Across the country, the range of preparation for elected officials varies widely.

Like millions of other Americans, I watched in horrified fascination as New Orleans descended into anarchy in September 2005, in the wake of Hurricane Katrina.

I was not on the ground there; I was safely at home near Washington, D.C., glued to the television set. Just when it had seemed that the U.S. Department of Homeland Security was finally finding its footing, now FEMA was incompetently floundering.

The response of the New Orleans authorities was also a stark contrast to the strength shown by New York Mayor Rudy Giuliani in the wake of the Sept. 11, 2001, attacks. And it contrasted again two years later in 2007 when California Gov. Arnold Schwarzenegger confronted massive wildfires in his state. Schwarzenegger responded swiftly, appeared at every fire site and refugee camp, gave nonstop press conferences and comforted the weary.

The response of elected officials makes a difference in disasters. When they’re strong and competent, they can lead recoveries and inspire devastated, discouraged and displaced people to struggle on and begin recovering. When they fail, response is hindered, recovery delayed, and the pain of a disaster is prolonged even further.

When it comes to emergency preparation, training and education, there are plenty of options for operational professionals. First responders and emergency managers know their business. In addition to their daily duties, they train and exercise constantly, can draw on experience and are usually familiar with all relevant parties in the surrounding jurisdictions.

That’s not the case with elected officials. For them, there’s a constant churn based on electoral terms, preparation is spotty and uncoordinated, training is haphazard at best and exercising is optional. Because these officials are usually sovereign in their jurisdictions, no one can force them to attend exercises or classes. They’re also influenced by political rivalries and ideological differences that emergency managers lack.

Across the country, the range of preparation for elected officials varies widely. Probably the best state program is in California, which faces a wide variety of potential natural disasters.

After 9/11, California upgraded its emergency capabilities and began the Golden Guardian training exercise program. When exercises revealed a lack of knowledge and confusion on the part of elected officials, the California Emergency Management Agency worked with the University of California’s Institute on Global Conflict and Cooperation to develop a new training curriculum. The result was the California Public Officials Communications Training Initiative, which launched in 2007.

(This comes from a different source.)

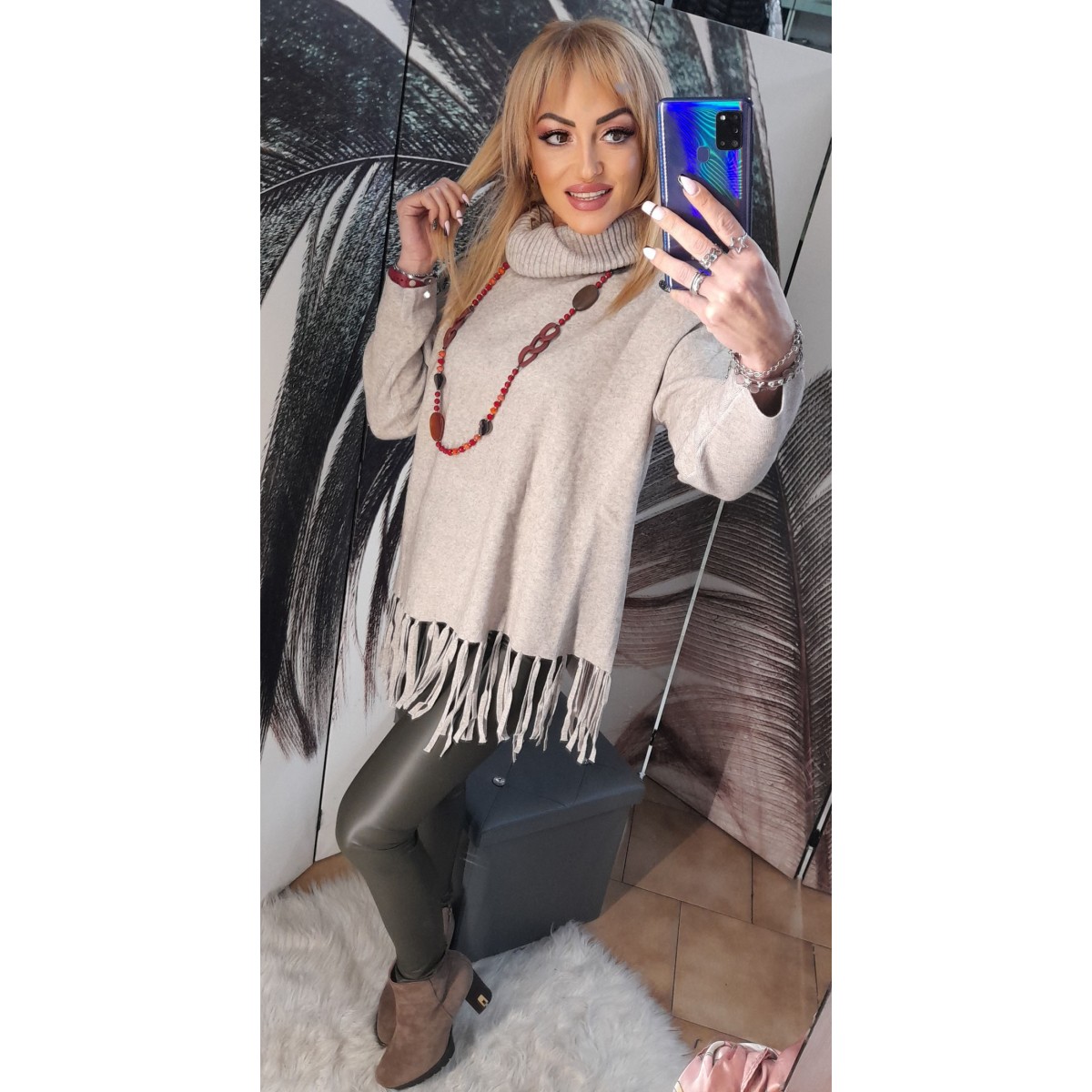 Maglione misto lana, vestibilità morbida con collo a dolcevita, le frange sulla parte finale danno un tocco originale al modello. Taglia unica

The initiative uses seminars and exercises to prepare elected officials to communicate during a disaster, as well as teaching them their responsibilities and the basics of the emergency management system. Trainers bring the classes to the officials, conducting sessions all over the state, including small towns.

Additionally California developed and distributed the Elected Officials’ Guide to Emergency Management [PDF], a 12-page guide that encourages officials to prepare, explains their roles, lays out the state’s emergency management system, and discusses the types of disaster declarations, assistance available and different recovery programs.

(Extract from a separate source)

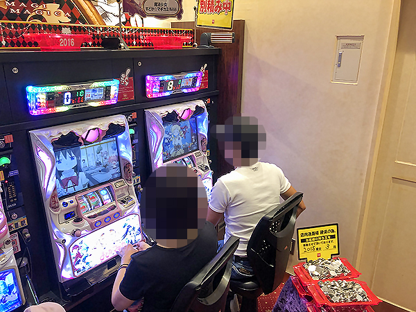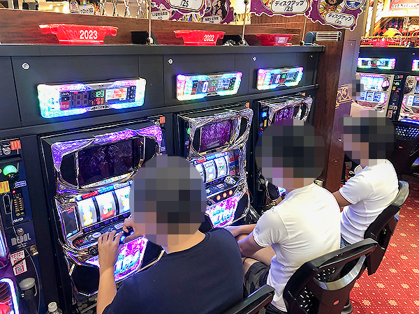 開店直後は1000円/47枚パチスロの「パチスロディスクアップ」が満席となっており、同機種の支持の厚さがうかがえた。

Contrast this effort with the level of preparation in Florida, a state where hurricanes are an annual occurrence and the Florida Division of Emergency Management is widely seen as the nation’s best such agency. Here, the role of elected officials is an afterthought — as it is in much of the rest of the country.

Training for Florida elected officials largely consists of a brief guide [PDF] and an eight-minute video. Introduced by Gov. Rick Scott, the video urges elected officials to get to know their emergency management team, plan and train for emergencies, and apply for aid and support once disaster strikes. If local officials need support, they can contact the division’s Intergovernmental Relations Team, which also handles what training they get.

The advice in the video is sound, but aside from a 30-second introduction showing swirling storms and scenes of destruction, it can hardly prepare a newly elected mayor for the overwhelming devastation of a major hurricane or other disaster.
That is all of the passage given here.